# Calculating probability from Markov Chain

I have a Markov Chain with states {1,2,3,4,5} which has the following transition matrix below:

$$P= \begin{bmatrix} 0.3 & 0 & 0.7 & 0 & 0\\ 0 & 1 & 0 & 0 & 0\\ 0.5 & 0 & 0.5 & 0 & 0\\ 0.2 & 0 & 0 & 0.5 & 0.3\\ 0 &1 & 0 & 0 & 0\\\end{bmatrix}$$

From here, I need to calculate:

1) $P(X_6=1 | X_4=4,X_5=1, X_0=4)$

What I have tried so far is that I believe that this is same as $P(X_6=1 | X_4=4,X_5=1)$ which is $$0.2 * 0.3 = 0.06$$

2) $P(X_2=3, X_1=3 | X_0=1)$

What I have tried is rearranging the formula to: $P(X_1=3, X_2=3 | X_0=1)$ and then I get $$0.7 * 0.5 = 0.35$$

I think my answer to question 2 is correct but not really sure for question 1.

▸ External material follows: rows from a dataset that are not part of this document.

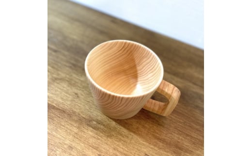 ・山梨県産ヒノキのコーヒーカップ[1個/サイズ:9cm × 7cm(取っ手を除く)]
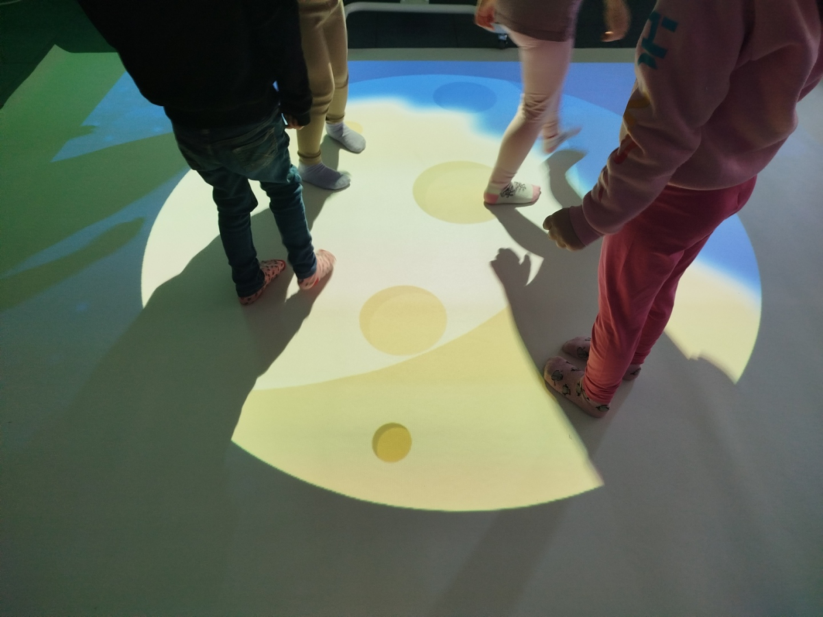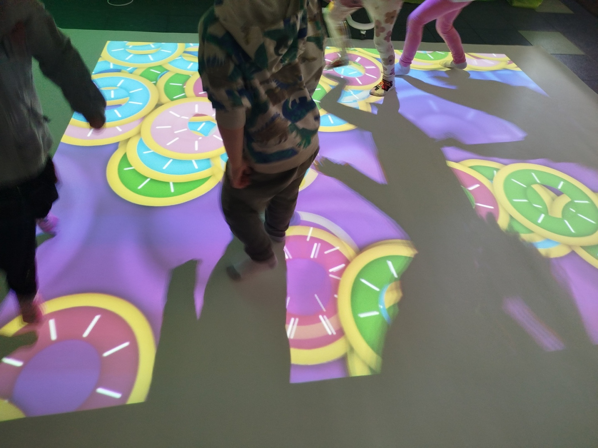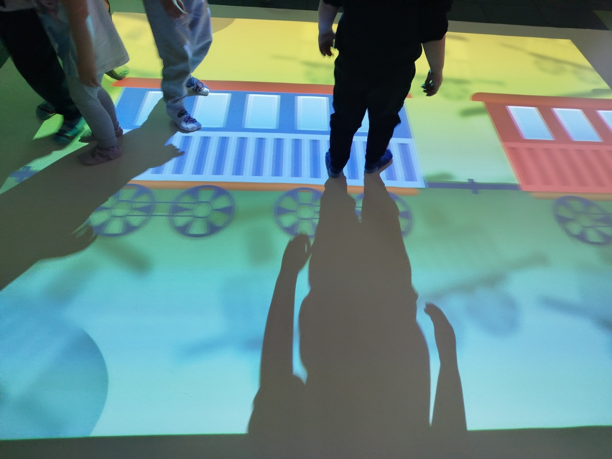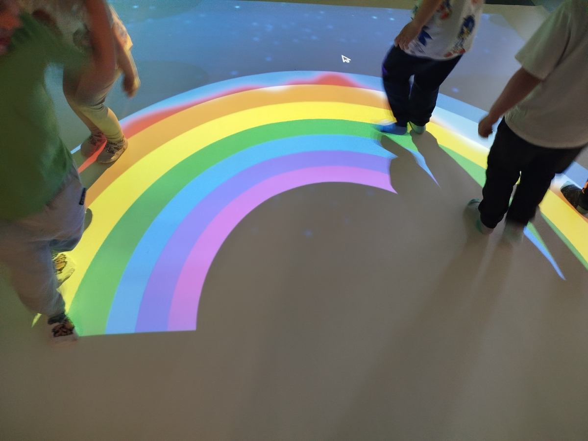 W dniu dzisiejszym dzieci bawiły się na podłodze interaktywnej. Było dużo radości, zabawy, ruchu i współpracy między dziećmi.
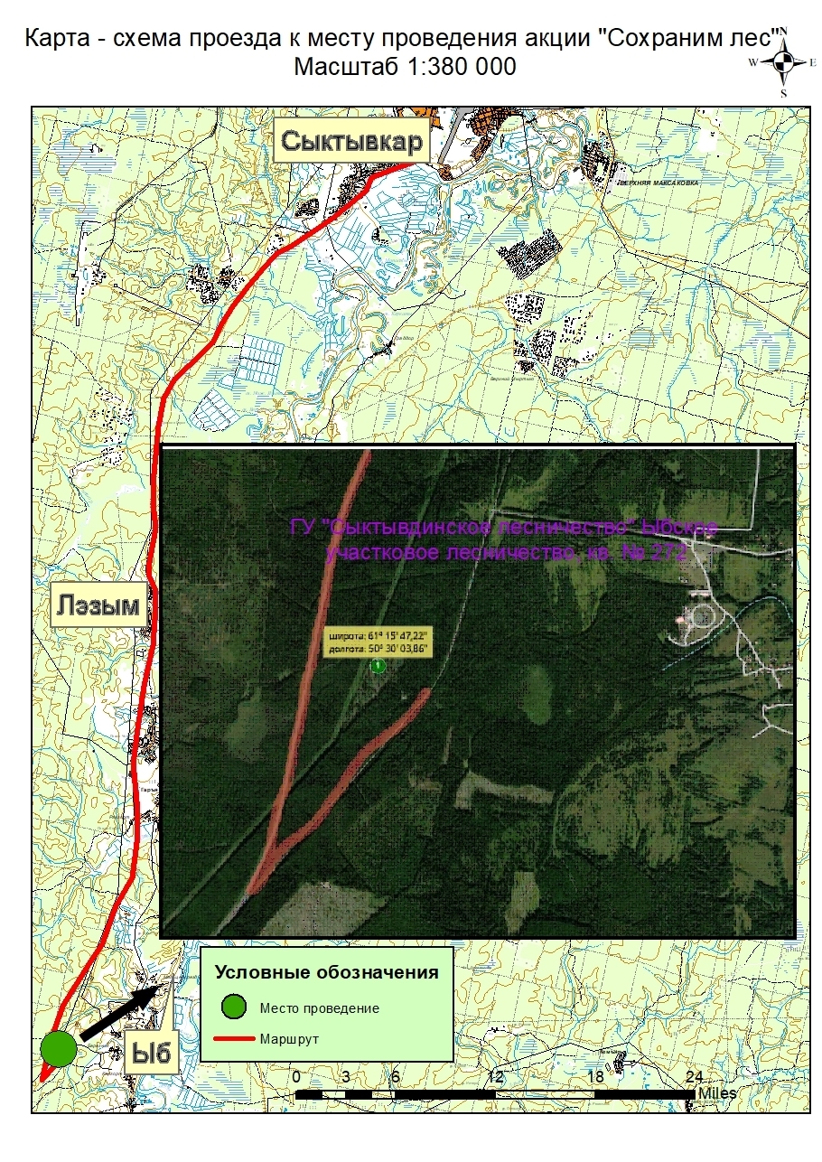 Акция начнется в 11:00 на территории Ыбского участкового лесничества (выдела 9, 20 квартала 272) по дороге на Финно-угорский этнопарк. Схема проезда прилагается.
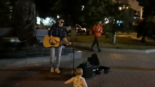 Уличный музыкант в Курске. Ребенку понравилось, и молодежь танцует

I would appreciate any help here please:)

1) $P(X_6=1 | X_4=4,X_5=1, X_0=4) = P(X_6 =1 | X_5 =1)$ which is the 1->1 transition entry (in position (1,1) which is $0.3$. The Markov property told us that the conditional property only depended on $X_5=1$.
2) $P(X_2 = 3, X_1 = 3 | X_0 = 1) = P(X_2 = 3 | X_1 = 3 , X_0 = 1) P(X_1 = 3 | X_0 = 1) = P(X_2 = 3 | X_1 = 3) P(X_1 = 3 | X_0 = 1)$ so this is the probability of transitioning from 3->3 times the probability of transitioning from 1->3. I don't know if your probabilities evolve from the left or right (i.e. if you left or right multiply by transition matrix for a probability vector, but once you know that you can look at either the (3,3) and (1,3) locations of the matrix or (3,3) and (3,1) entries of the matrix). We just used definition of conditional property and the Markov property here.